[Start of Attachment]

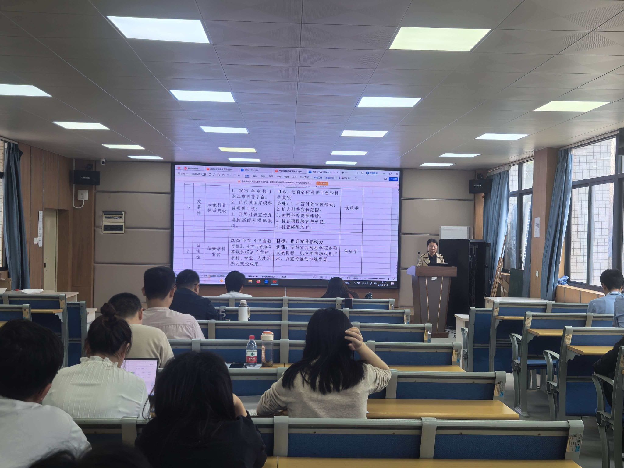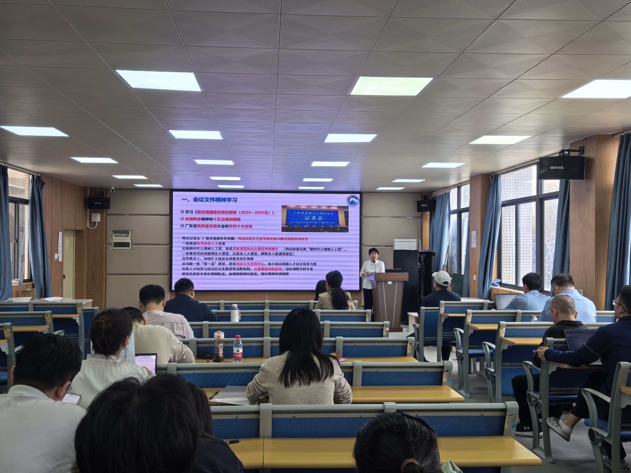 随后,各分管领导结合年度工作要点作具体部署。薛宇峰副院长就本科生教育教学改革、课程建设、教学成果培育等提出要求;侯庆华副院长对学科建设、实验室建设等工作作安排;胡森林副书记围绕学生思想政治教育、日常管理及科普宣传工作进行部署。
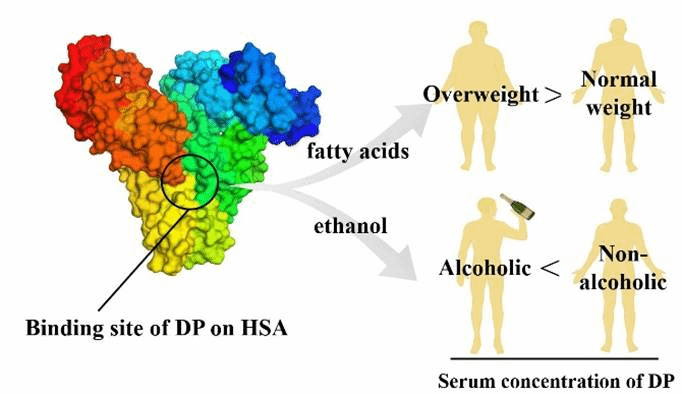 此外,该研究还比较了超重与正常体重人群、饮酒与非饮酒人群血清中DP浓度的差异,发现超重人群血清中的DP浓度高于正常体重人群,而饮酒人群血清中的DP浓度低于非饮酒人群。作者通过实验验证了脂肪酸的存在会升高DP与HSA的亲和力,而乙醇会降低DP与HSA的亲和力。从微观角度推测,脂肪酸与HSA结合会扩大DP在HSA上的结合位点,而乙醇则会占据DP在HSA上的结合位点。
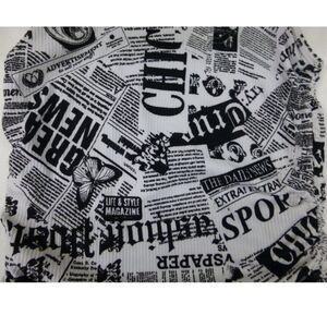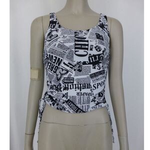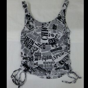 Description: Used once. Still in good condition. Ruched sides with adjustable ties. Newspaper graphic all over.
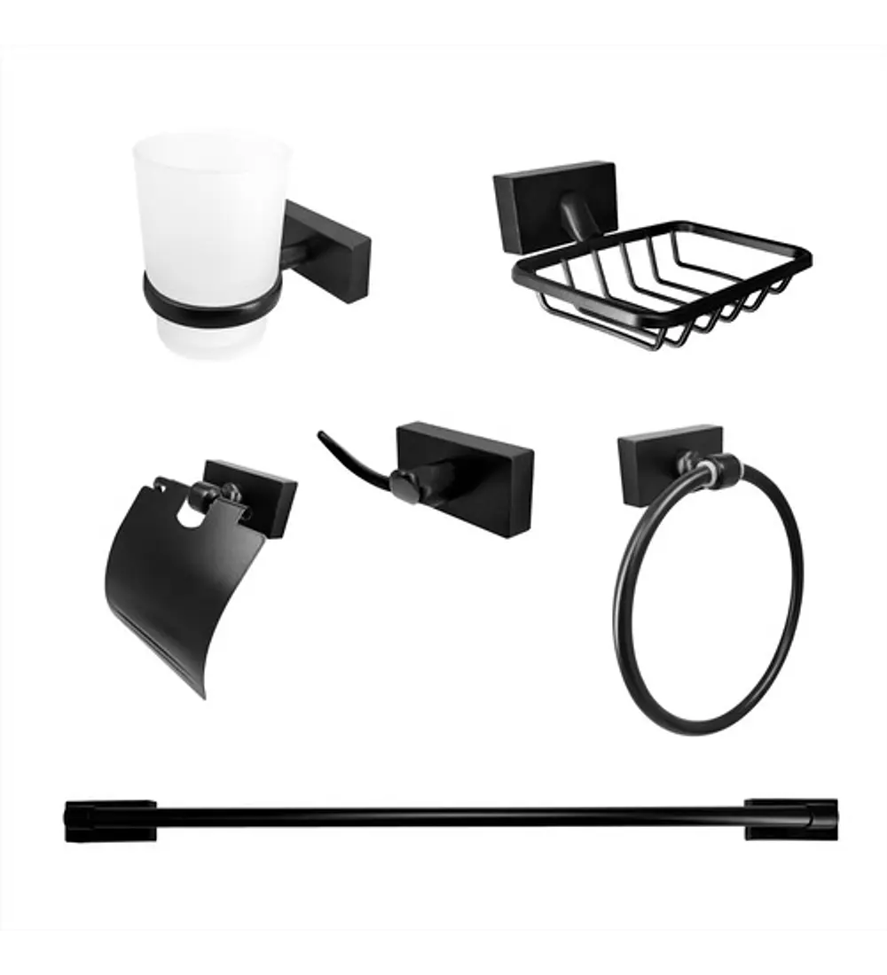 SET DE ACC BAÑO X 6 PZS BLACK CUADRADO cantidad
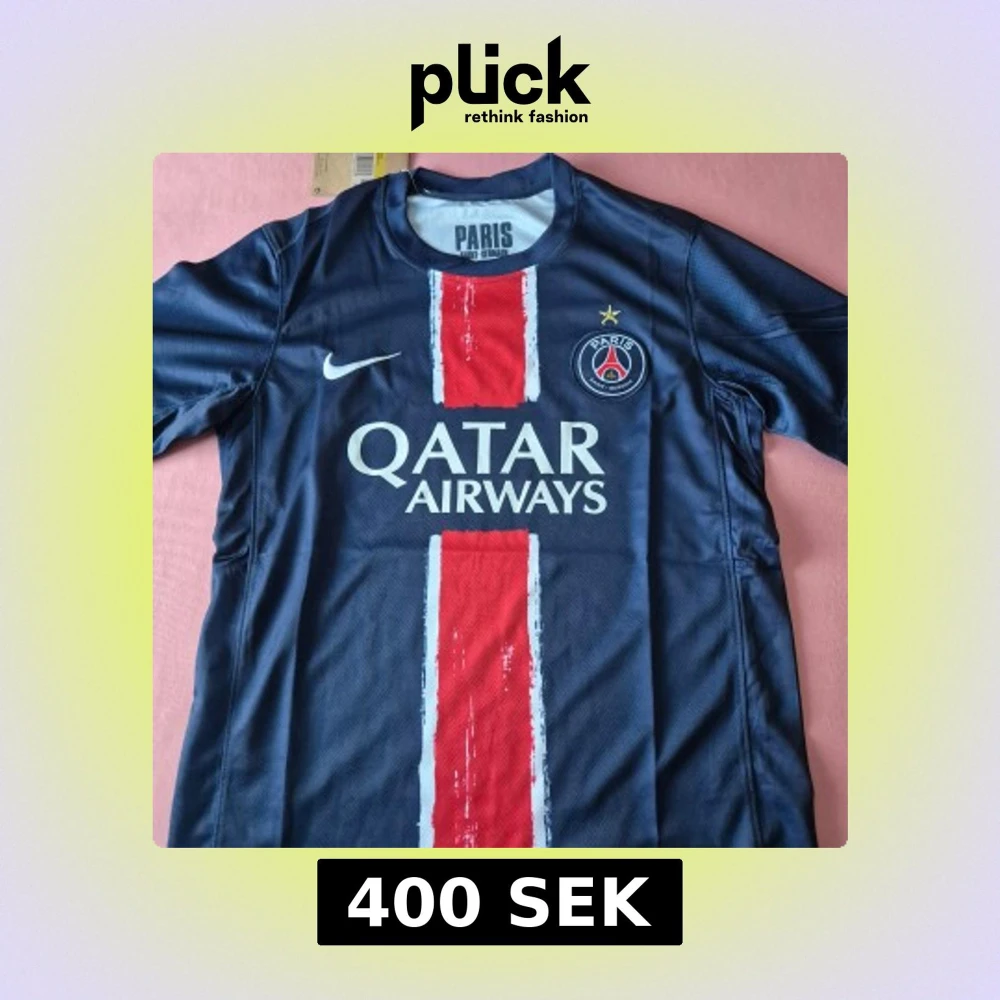 Paris Saint-Germain fotbollströja från Nike i marinblått med en bred röd vertikal rand på framsidan och vita detaljer. PSG-logga med guldstjärna på bröstet, Qatar Airways tryck och klassisk rund hals. Tillverkad i lätt, ventilerande polyester för maxad komfort på planen.
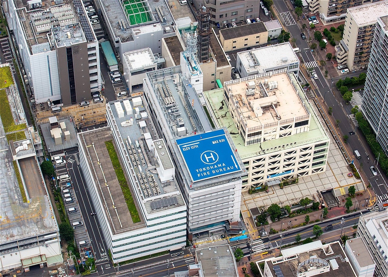 新たな消防本部庁舎では、大規模災害発生時であっても消防機能の継続性を確保するため、免震構造を採用し、消防司令センターを一体的に整備したほか、緊急消防援助隊等と連携強化するため、屋上にヘリコプターの飛行場外離着陸場(ヘリパッド)を整備しました。
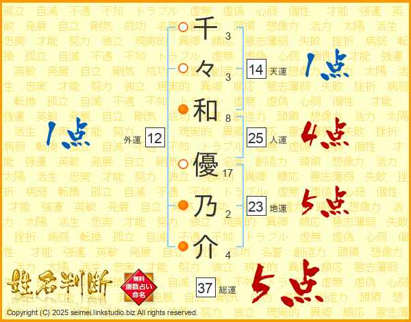 千(3画)々(3画)和(8画) 優(17画)乃(2画)介(4画)
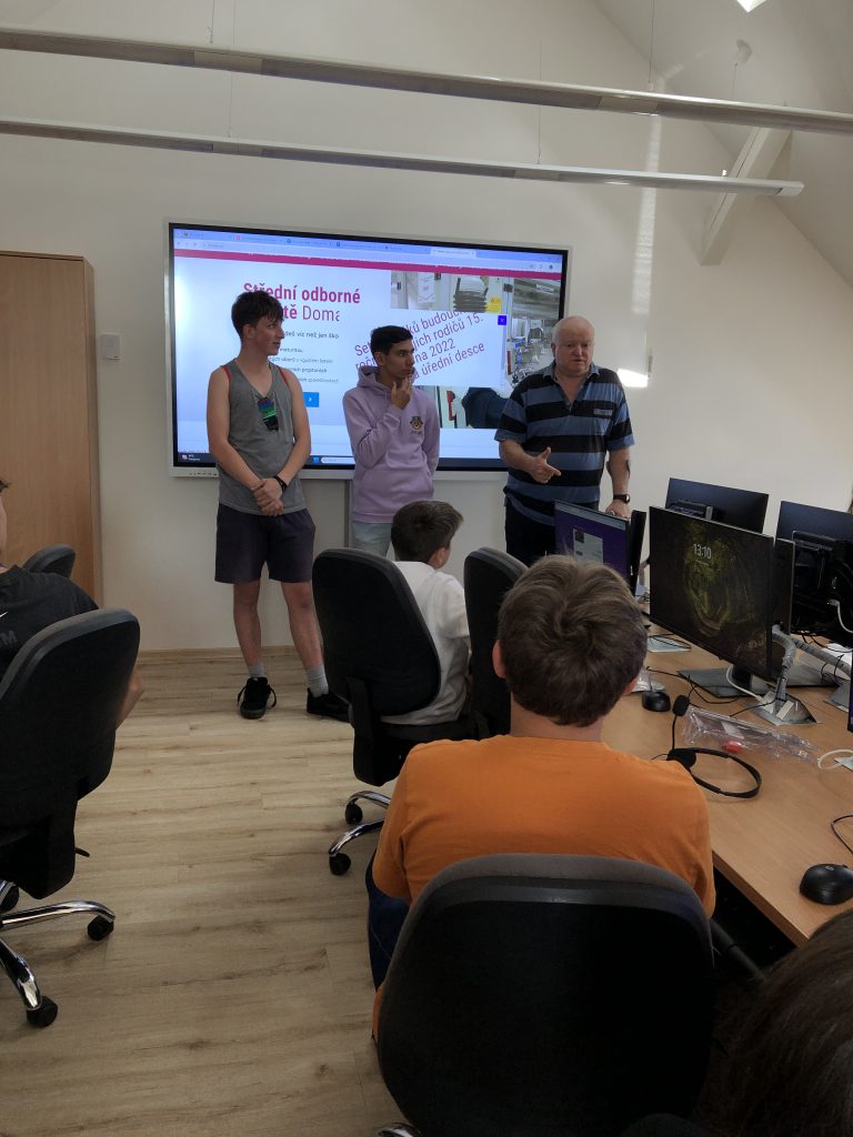 Dne 24.4. proběhlo setkání našich žáků 8. a 9. ročníku se žáky SOU Domažlice, společně s mistrem p. Vránou žáky informovali o studiu na učilišti, hlavně o jejich praktické výuce, přinesli ukázat své výrobky. Ukázali nám programování na našich CNC strojích a naši žáci je seznámili s naší výukou a ukázkami našich robotů.

[End of Attachment]

## Task brief
Print the part of the listing above that opens with the line containing "SET DE ACC BAÑO" and closes with the line containing "千(3画)々(3画)和(8画) 優(17画)乃(2画)介(4画)". Copy it exactly, both ends included, and omit the pictures.

## Response to the exercise
 SET DE ACC BAÑO X 6 PZS BLACK CUADRADO cantidad
 Paris Saint-Germain fotbollströja från Nike i marinblått med en bred röd vertikal rand på framsidan och vita detaljer. PSG-logga med guldstjärna på bröstet, Qatar Airways tryck och klassisk rund hals. Tillverkad i lätt, ventilerande polyester för maxad komfort på planen.
 新たな消防本部庁舎では、大規模災害発生時であっても消防機能の継続性を確保するため、免震構造を採用し、消防司令センターを一体的に整備したほか、緊急消防援助隊等と連携強化するため、屋上にヘリコプターの飛行場外離着陸場(ヘリパッド)を整備しました。
 千(3画)々(3画)和(8画) 優(17画)乃(2画)介(4画)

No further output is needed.